Need to strive for gender inclusiveness

Vinaya Patil
Wednesday, 7 February 2018

At a session on the age-old gender fight, panelists Urvashee Butalia, Sreemoyee Piyu Kundu and Deepika Bhardwaj spoke on the issue at hand and the rather subjective solutions to it.

The Mars versus Venus has been a topic of perennial discussions, for decades, if not centuries. The men versus women, or feminist versus humanist, or all of it together has been part of several debates, talks, conferences and even drawing room conversations for years. But wait, does that mean the debate has reached its expiry date or a suitable conclusion has been reached? Not even close!

No amount of discussion surrounding the discussion can suffice, especially when a developing country like India still sees rapes, sexual harassment, dowry deaths, honour killings and innumerable such crimes being committed against its women day in and day out. A session called the ‘Mars Venus Continuum’ was thus part of the Symbiosis International (Deemed) University’s Shabdotsav 2018 — a literary festival held over the last weekend.

Hosted at the university’s Viman Nagar campus, the session saw Urvashee Butalia, Sreemoyee Piyu Kundu, and Deepika Bhardwaj on the panel while Smriti Nevatia moderated the discussion. Indian feminist and publisher Butalia opened the talk by giving a brief background to her work. “I still see sexual violence being hushed up. I wanted to tell their stories,” said the founder of an exclusively feminist publishing house — Kali for women, which she initiated in 1984.

Butalia, however, expressed a certain amount of concern when she has to choose between being responsible to the woman in question and to the issue at large. “There are so many occasions when I am faced with a situation where the victim herself doesn’t want to stand up against the perpetrators of crime, for several reasons, and then it becomes tricky to pick between respecting her choice and taking a stand against such crimes,” said the proud feminist.

On the contrary, Bhardwaj, who fights for men’s rights and absolutely hates any labels given to her, said she doesn’t feel the need to call herself a feminist. “Everyone knows who to call when someone is being victimised  — be it a girl or boy.
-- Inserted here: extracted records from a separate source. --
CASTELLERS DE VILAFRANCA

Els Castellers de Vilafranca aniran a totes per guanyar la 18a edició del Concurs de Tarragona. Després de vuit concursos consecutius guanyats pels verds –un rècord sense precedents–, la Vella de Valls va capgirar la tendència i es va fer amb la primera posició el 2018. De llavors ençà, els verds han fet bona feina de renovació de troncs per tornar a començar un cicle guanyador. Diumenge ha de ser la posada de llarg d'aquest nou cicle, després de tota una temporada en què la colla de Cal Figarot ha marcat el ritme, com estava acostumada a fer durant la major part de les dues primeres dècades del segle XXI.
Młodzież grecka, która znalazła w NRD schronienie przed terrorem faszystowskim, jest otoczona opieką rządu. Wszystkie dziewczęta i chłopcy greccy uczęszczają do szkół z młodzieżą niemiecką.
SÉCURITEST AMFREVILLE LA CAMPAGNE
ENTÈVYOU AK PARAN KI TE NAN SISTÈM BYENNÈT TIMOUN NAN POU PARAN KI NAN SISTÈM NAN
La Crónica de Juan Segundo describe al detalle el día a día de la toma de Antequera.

People know I am available every time there is a human right violation or injustice against anyone. I don’t need any label for it,” said the author of Martyrs of Marriage, who began fighting for the cause after witnessing an incident of injustice towards a closed one. “I realised we barely ever hear the man’s side of a story. There are so many instances when laws are misused by women for monetary gains and other reasons, but they are rarely brought to book,” said Bharadwaj who is often referred to as a men’s right activist, and all sorts of things.
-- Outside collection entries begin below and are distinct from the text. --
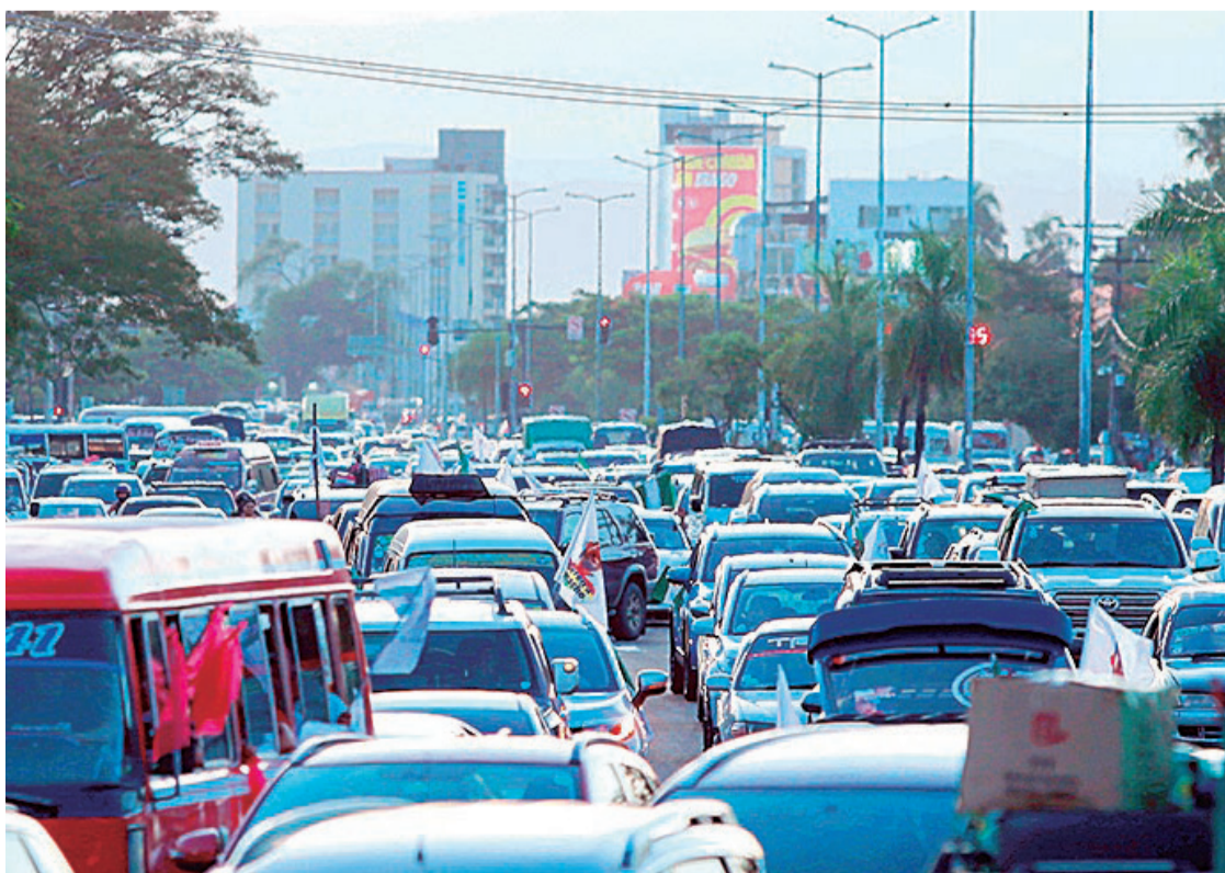
El caos vehicular que se genera en distintos puntos de la capital cruceña

El burgomaestre adelanta que se prevé reducir personal y eliminar al menos dos secretarías para poder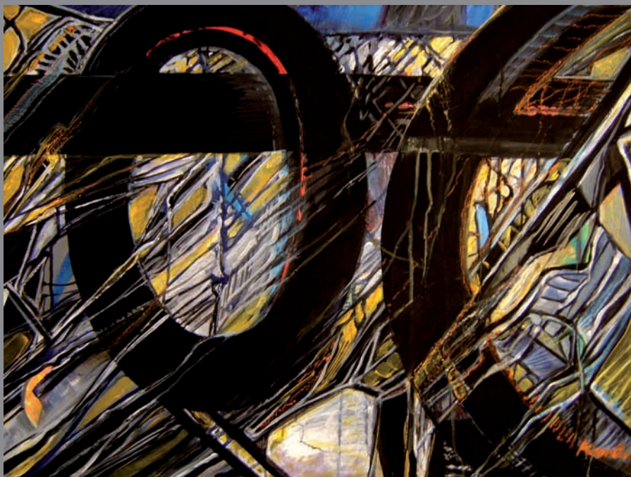
Wind of Change (akril, vászon) 50 x 80 cm, 2007.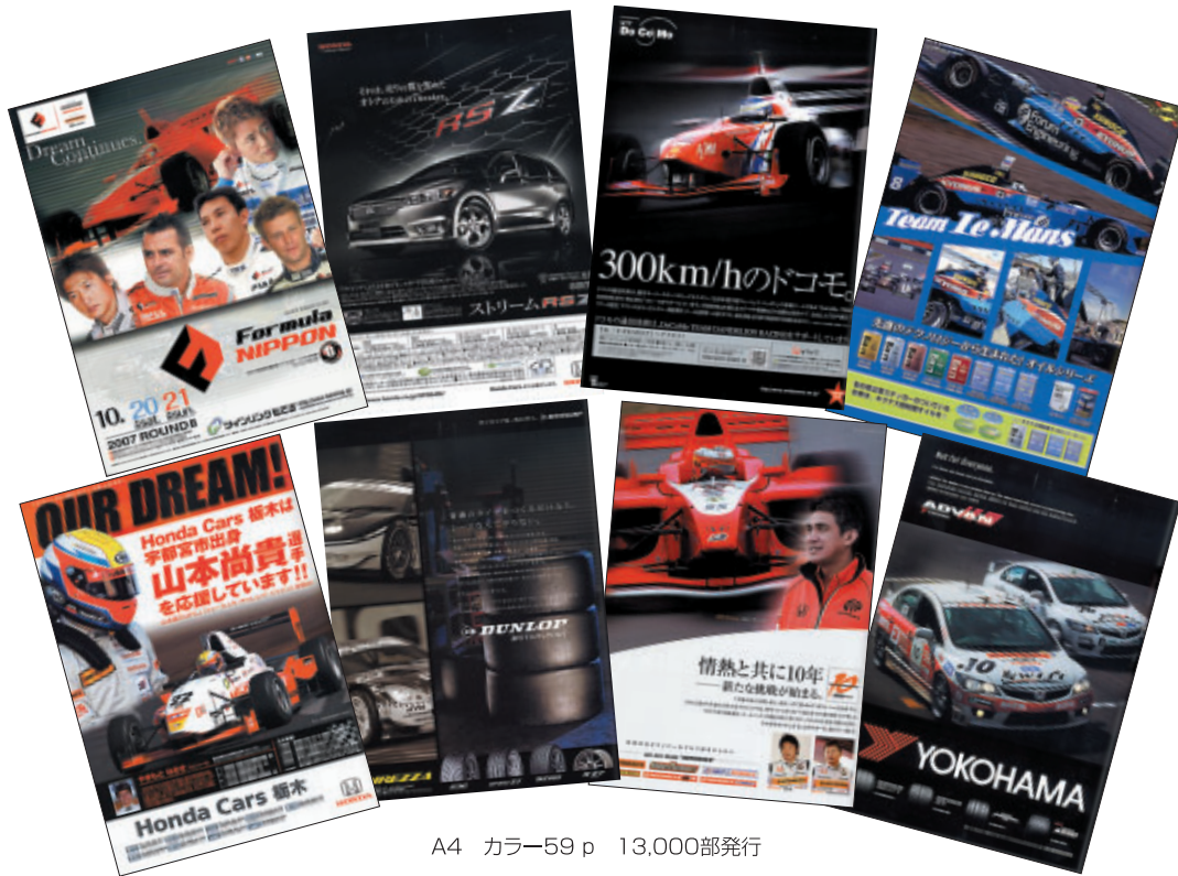
A4 カラー59 p 13,000部発行

株式会社 アライヘルメット 株式会社 アイデア 株式会社 エヌ・ティ・ティ・ドコモ 株式会社 オートバックスセブン キグナス石油 株式会社 株式会社 三栄書房

Strongly opposing Bhardwaj was Kundu who said that women are punished when they are wrong, and that at any given point, the crimes against women are way higher than those against men. “Being a feminist is like being a human rights activist itself,” said Kundu, adding, “People call feminists, lesbian-looking and so many other names without understanding that the need for feminism arose in the first place because gross violation of human rights has been happening against women.”

Speaking of the men-women debate, Butalia said that she doesn’t believe in the concept of gender equality. “That doesn’t exist. What we must speak of is gender inclusiveness,” she insisted, while pointing to the fact that it’s women — rather feminists — who have upheld most minority issues including transgender rights, issues of the people in Kashmir and Northeast and others.

Agreeing with her, Bharadwaj went on to say that she too is heard only because she is a woman. “Had this been a man talking about men’s issues, he would probably not have been heard like I am heard,” said she. From rape law amendments and gender-neutral identity for the victim, to fighting for men, feminists have been at the forefront, she elaborated, giving an example of the rape law amendment of 2013 and others.

Giving a perspective on the ‘laws being skewed towards women’ debate, Kundu, author of gender-centric novels, said that women have had to fight a long and difficult battle to ensure protection through law, and hence it’s wrong to say that the law is skewed. When it comes to gender inclusiveness and a gender-just society, it’s miles to go before we sleep, the moderator rounded off at the end of the rather intense and never-ending discussion.